You can perform 2 kinds of queries:

  1. Provide 2 non-empty, non-intersectin sets of vertices A and B as input to the judge and get the minimum weighted edge between any pair of nodes u \subseteq A and v \subseteq B. If there is no such edge, the judge returns -1.
  2. Send the weight of the MST to the judge.

The cost of performing a query is |A|. The max cost that can be incurred is 10^4.

##Constraints:
2 \le N \le 1000

1 \le weight_{edge} \le 10^5

EXPLANATION

##Will Kruskal’s/Prim’s Algorithm work?
Primitive Kruskal / Prim will not work.
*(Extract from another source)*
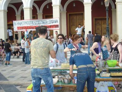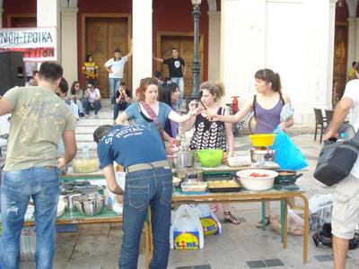 Επίσης χθες στην πλατεία στήθηκε ένας μπουφές με ποικίλα φαγητά, στο πλαίσιο της συλλογικής κουζίνας, που είχε σύνθημα: «Μαζί τα φέραμε μαζί θα τα φάμε», ενώ υπήρχε και θέατρο δρόμου.Oι αγανακτισμένοι έμειναν στην πλατεία Γεωργίου μέχρι αργά το βράδυ. Δείτε φωτογραφίες.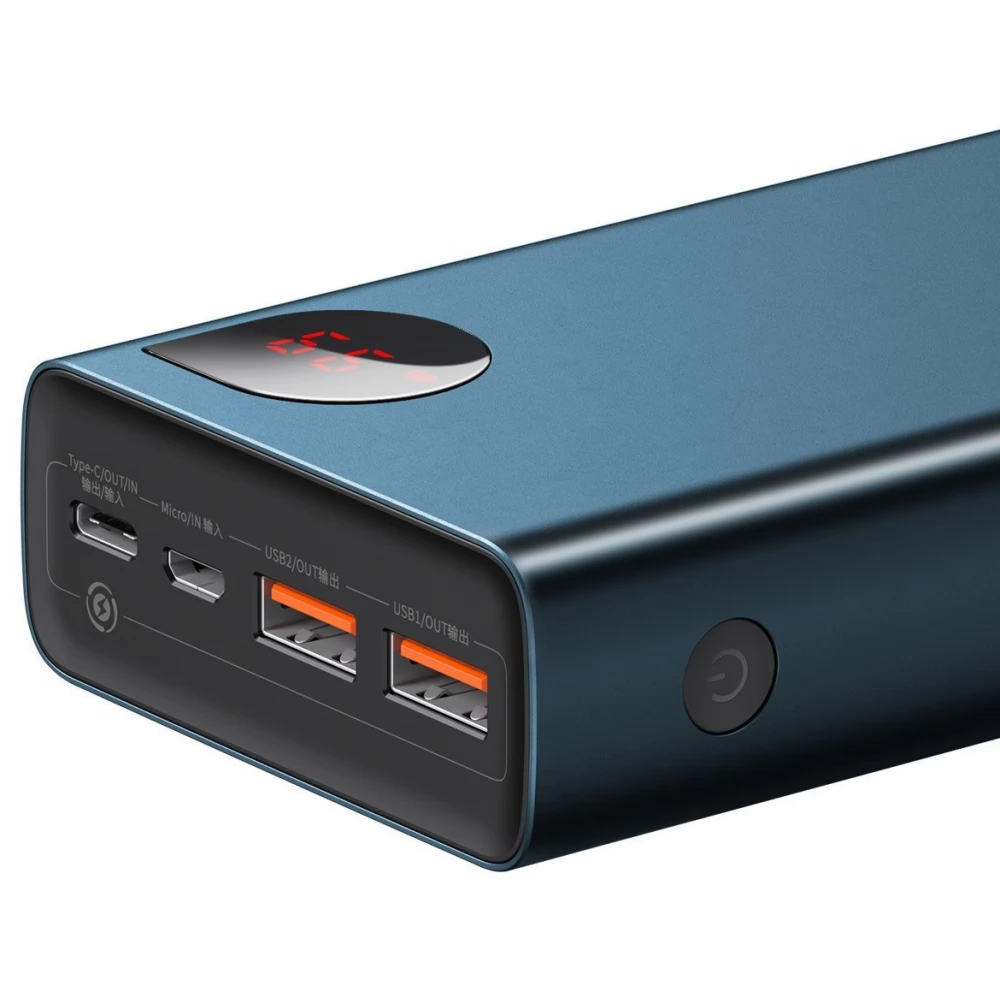The BASEUS Adaman Metal Power Bank 20000mAh 65W is a high-capacity battery pack that has 4 ports (USB-C (in/out), 2 USB-A (output only) and USB-Micro (input only), so it is suitable for charging laptops, tablets, smartphones or any device with a power of less than 65W that can be charged via USB on the go. A digital percentage meter is used to display power, voltage and current. It supports all fast charging protocol, including the PD 3.0, QC 4+ protocol. It is 20% thinner than the traditional 20000 mAh external battery, which makes it a perfect choice for traveling. Moreover, the aluminum alloy ensures the proper protection and durability, and the matte exterior further enhances the quality of the product.

Kruskal’s wont work because we will perform N^2 queries - once for each pair of nodes, where the cost for each query will be 1.

For Prim’s the set of nodes you know the answer for, will keep on increasing. Hence, the cost for the queries would be something like: 1, 2, 3, ... , N/2, N/2, (N/2 - 1), ..., 3, 2, 1. Hence, the cost would be of the order O(N^2).

##Approach

  1. Find the nearest node of each node u by using a query of the format: $$ vs. all except u.

    • This gives us connected components of size 2.
  2. In increasing order of component size, we can continue to perform queries like: [component] vs. [all except component].

You can observe that after every query, the component’s size gets doubled.

Since the size of a component always gets doubled, we can say that every vertex occurs as a vertex in A at most log(N) times. Components can be maintained using a DSU.

Each vertex contributes 1 to the net cost. Hence, the overall cost is bounded by O(N * log(N)).

Since the value of N is at most 1000, our bound ensures that the max cost of 10^4 is never exceeded.

AUTHOR’S AND TESTER’S SOLUTIONS:

Author’s solution can be found here.
Tester 1’s solution can be found here.
Tester 2’s solution can be found here.


#2

How do we prove that this gives the optimal MST?